Ich halte 5 griech. Landschildkröten, Thb. Drei Mädels aus 2017 und zwei (hoffentlich) Mädels aus 2021.
Frage 2
Wie hieß deine erste Schildkröte?
Meine drei ersten heißen dicke Agathe, Wilhelmine und kleine Ottilie.
Frage 3
Wie hältst du deine Schildkröten und welche Technik benutzt du?
Die drei Großen leben in einem kleinen Gewächshaus (1.20m x 1.95m) mit direktem Anschluss zu einem Selbstversorgergehege. Nach einigen Vergrößerungen ist es ca 50qm groß.

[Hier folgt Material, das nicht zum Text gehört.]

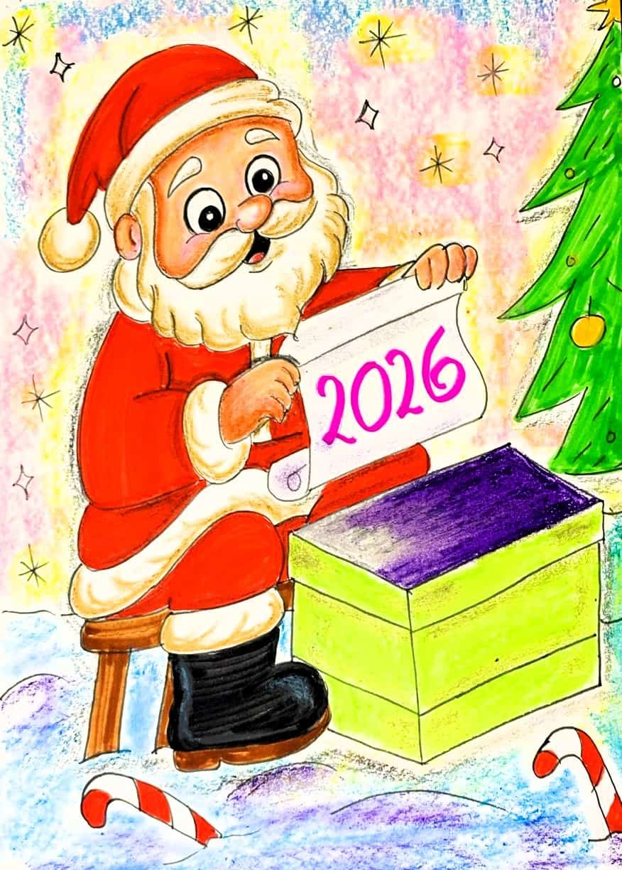 Celebrate the festive spirit of Christmas and the joy of welcoming the New Year with this delightful Santa artwork recorded session. In this class, participants will learn to draw and colour an expressive Santa holding a “2026” scroll, along with beautiful Christmas elements like a decorated tree, gift box, snow, and festive background. This session focuses on structured drawing, neat colouring, and smooth colour blending to create a lively and cheerful artwork. Guided step by step, learners will understand proportions, facial expressions, shading, and background detailing. Suitable for senior kids and moms, this recorded session allows learners to practice at their own pace and replay whenever needed. A perfect creative activity to relax, improve art skills, and create a festive masterpiece to celebrate Christmas and New Year together. 🎄

Die beiden Nachzügler leben noch im Kindergarten: ein Alltop-Frühbeet mit abgegrenztem Selbstversorgergehege. Die Ausgänge zum Gehege sind mit einer elektrischen Hühnertür nachts verschlossen und lassen sich per Handy öffnen/ schließen.Ansonsten lege ich sehr viel wert darauf, dass sich die Tiere weitgehendst autark als Weidetiere versorgen können. Das Gehege ist mit über 50 verschiedenen Gehege- und Futterpflanzen bestückt und recht unwegsam, so dass sie klettern und Strecken zurücklegen müssen, um an verschiedene Pflanzen oder Plätze zu kommen. Da wir sehr stark sonnenexponiert wohnen, war es wichtig im Gehege verschiedene Zonen zu etablieren. So haben sie die Möglichkeit sich sowohl auf Steinen/ Splitt auf Temperatur zu bringen, so wie auch im Hochsommer immer noch feucht-kühle Rückzugsmöglichkeiten zu finden.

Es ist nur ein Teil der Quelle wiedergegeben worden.